Drawing from his remarkable journey from addiction and incarceration to earning his doctorate, Dr. D shares the practical habits and mindset shifts that have helped him develop genuine resilience. His morning routine—waking at the same time daily, taking a short walk before even showering, and making his bed—creates a foundation that supports him through life's inevitable challenges. "I stopped chasing happiness a long time ago," he reveals, explaining how accepting life's natural ebbs and flows allows him to find contentment even in ordinary days.
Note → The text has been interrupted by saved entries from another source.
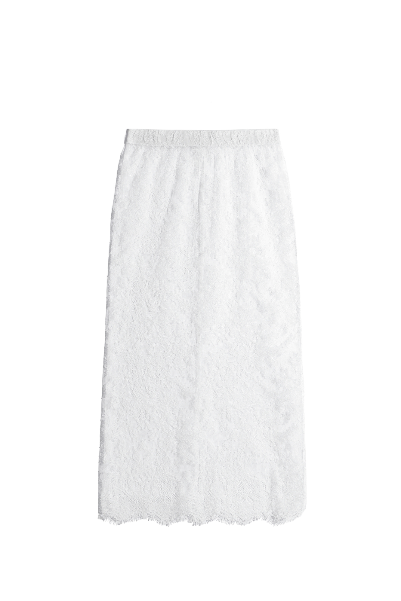 Юбка длины миди из тонкого кружева. Модель с высоким разрезом сзади и застежкой на скрытую молнию. Изделие выполнено без подкладки.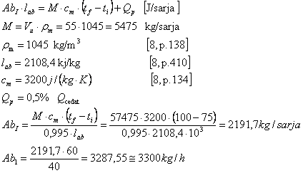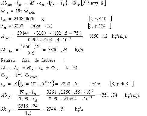 Debitul de abur necesar se determina din ecuatiile de bilant caloric intocmite pentru faza de incalzire si pentru faza de fierbere.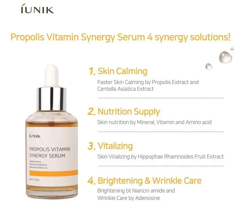 Special Offer IUNIK Propolis Vitamin Synergy Serum 50ml Vitamin C Serum Whitening Face Skin Care Moisturizer Repair Anti Aging Facial Essence Discount 21% Today!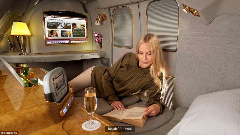 ▼3.阿联酋航空:平卧床丶独立空间门,这已经成为了标配。迷你吧台丶情景灯光给你最奢侈的享受。爱美的人可以尽情照镜子,还能调节情景灯光。宝格丽行动式旅行套装也很有吸引力。如果你乘坐的是A380机型,那太幸运了,因为上面有浴室丶水疗和酒吧。

The heart of mental toughness, Dr. D argues, lies in concrete practices: consistent sleep cycles, physical movement, proper nutrition, and addressing problems directly rather than avoiding them. He emphasizes the strength found in vulnerability, advocating for therapy, journaling, and maintaining a trusted circle of confidants. Most powerfully, he distinguishes between temporarily pausing and permanently quitting, sharing how he "quit" his dissertation multiple times but never permanently surrendered. This nuanced perspective on perseverance acknowledges human limitations while still embracing the power of determination. Whether you're facing everyday stressors or significant life challenges, this episode offers practical wisdom for building the mental toughness to walk through difficult times and emerge stronger on the other side. Subscribe now and discover the resilience that already lives within you.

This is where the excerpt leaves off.